- Associated Press - Wednesday, July 8, 2015

NEW YORK (AP) - Sonia Bien-Aime hopes her vote on FIFA’s executive committee makes a difference in promoting greater gender equity in soccer’s male-dominated governing body.

The 43-year-old head of soccer’s governing body in the Turks and Caicos Islands was selected to serve on FIFA’s executive committee as the Caribbean’s representative, becoming the first woman on soccer’s top group in a voting seat not specifically designated for a female.

The Confederation of North, Central America and Caribbean Association Football said Wednesday that Bien-Aime was picked Saturday when its executive committee met in Vancouver, British Columbia.

“Obviously, if there are more women, then we can push a little harder and people will begin to hear us,” she said from Carson, California, during a telephone interview with The Associated Press.

Several women players sued in an effort to reverse FIFA’s decision to play this year’s Women’s World Cup on artificial turf rather than grass, then withdrew the litigation. While FIFA gave out $576 million in prize money for last year’s men’s World Cup, including $35 million for champion Germany, it awarded $15 million for this year’s Women’s World Cup, with $2 million going to the champion United States.

Her new role, which starts with the July 20 executive committee meeting in Zurich, gives her a greater voice for change.

“I hate having to think about quotas, especially when it deals with women and men,” she said. “There’s always an opportunity for more female voices, but I’m not just going to say that just because I’m a woman. But it wouldn’t hurt to have more females involved. I can’t say that there is a need for it, but why not?

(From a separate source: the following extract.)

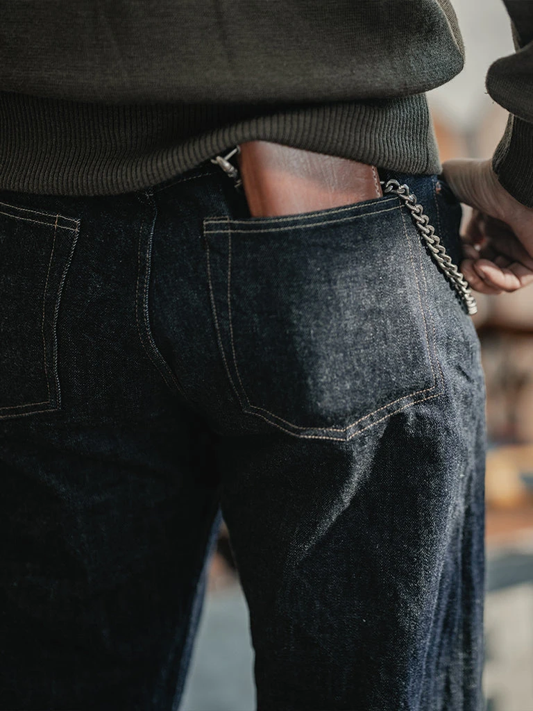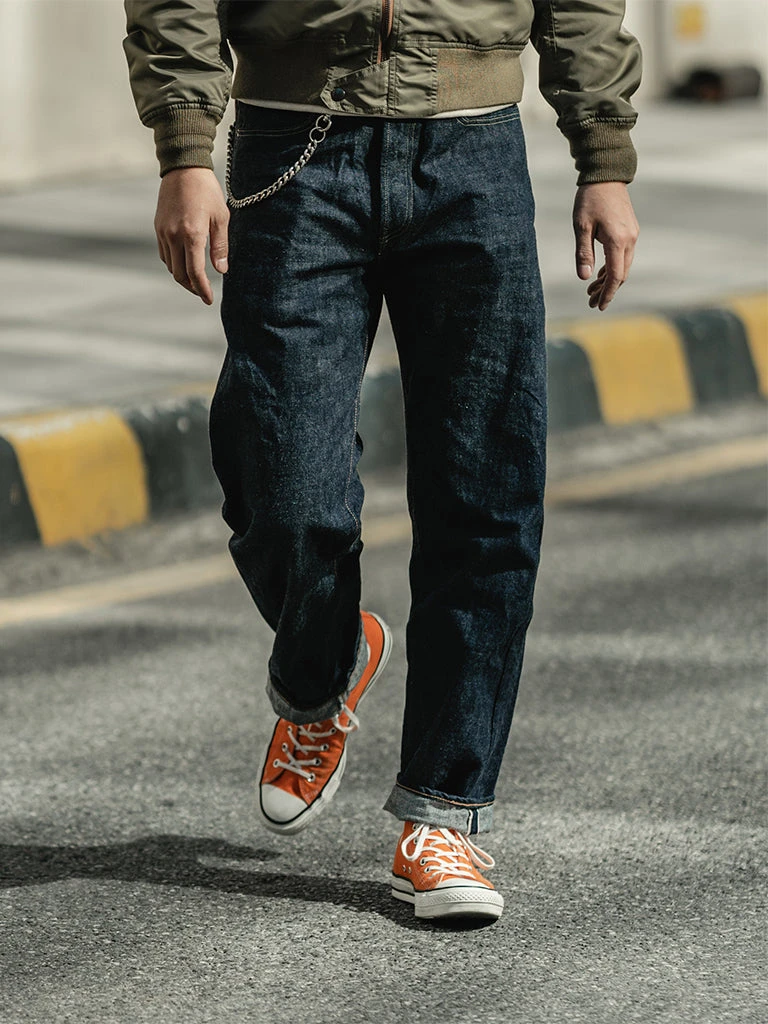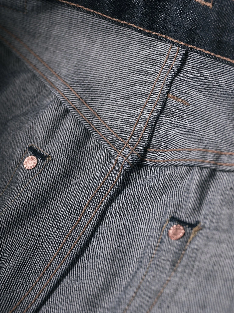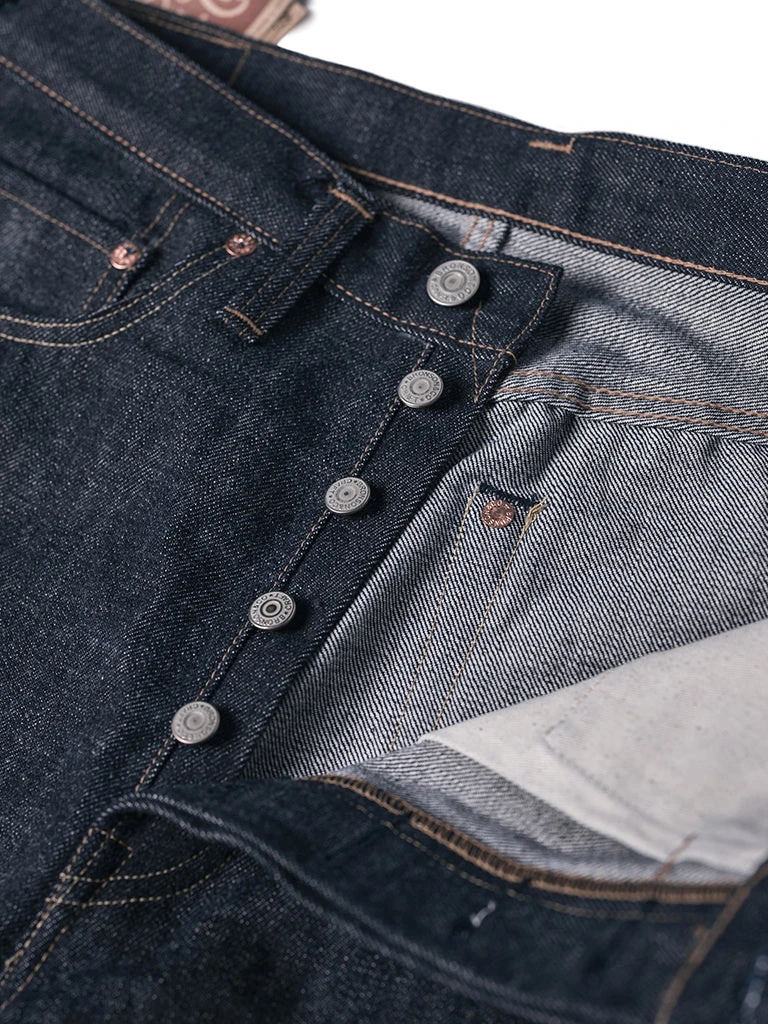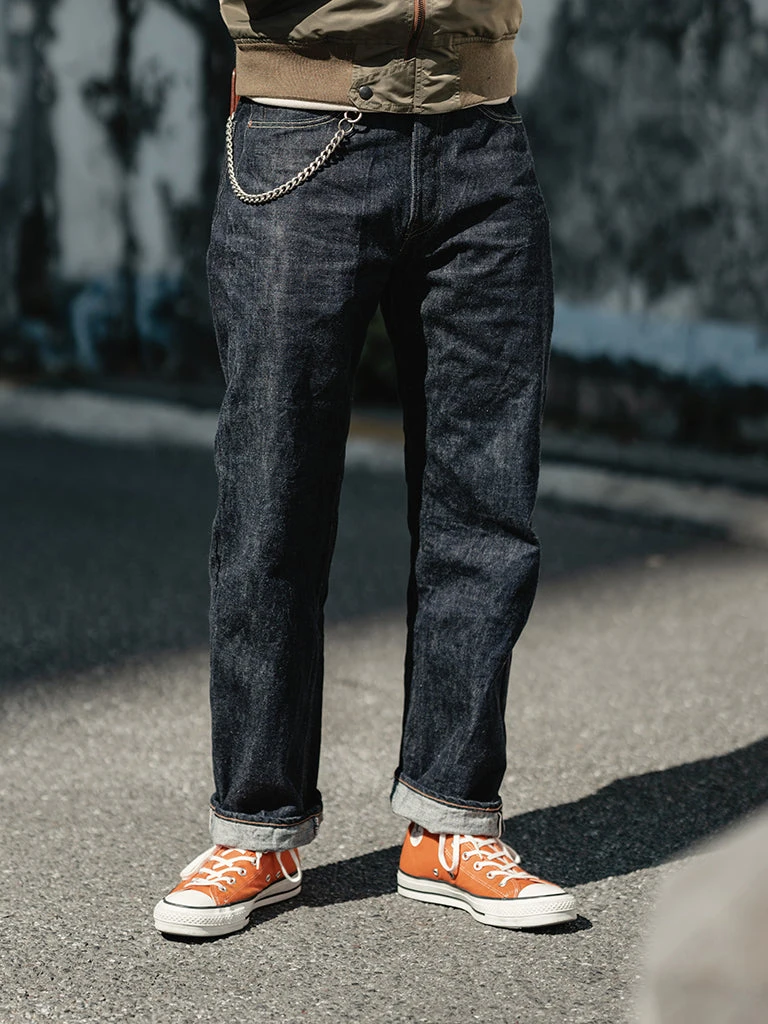 This is a reproduction of 1950s 501XX denim jeans. It’s made of 13.7 oz. selvedge denim (after one wash, it will reach about 14.5 oz.), 5-pocket style, Faithfully restore the details of the original version.

We’re no different from the men, and I think we can make the same decisions as they can.”

She says there’s also a wider objective to keep in mind.

“We mustn’t lose sight that we’re there to represent the general interest of football all over the world,” she said.

She fills the FIFA seat that opened when CONCACAF President Jeffrey Webb of the Cayman Islands was provisionally fired on May 28 following his indictment in the U.S. on corruption charges and his arrest in Switzerland.

Bien-Aime, a former captain of her nation’s women’s national team, became general secretary of the Turks and Caicos Islands Football Association in 2006 following her retirement as a player and stepped up to become its president in July 2014.

Lydia Nsekera of Burundi joined the FIFA executive committee as a non-voting member in May 2012, and then was given a voting seat designated for a woman and a four-year term in May 2013 when she received 95 votes from the FIFA congress to defeat Moya Dodd of Australia (70) and Bien-Aime (38). Dodd and Bien-Aime were given non-voting seats and listed as “co-opted members for special tasks.”

Alfredo Hawit of Honduras was appointed CONCACAF president on May 28, becoming a FIFA vice president, and the CONCACAF executive committee also provisionally fired Eduardo Li of Costa Rica, who was to have assumed a seat on FIFA’s executive committee that week. Li also was arrested and indicted, and FIFA also provisionally banned Webb and Li from all soccer activities.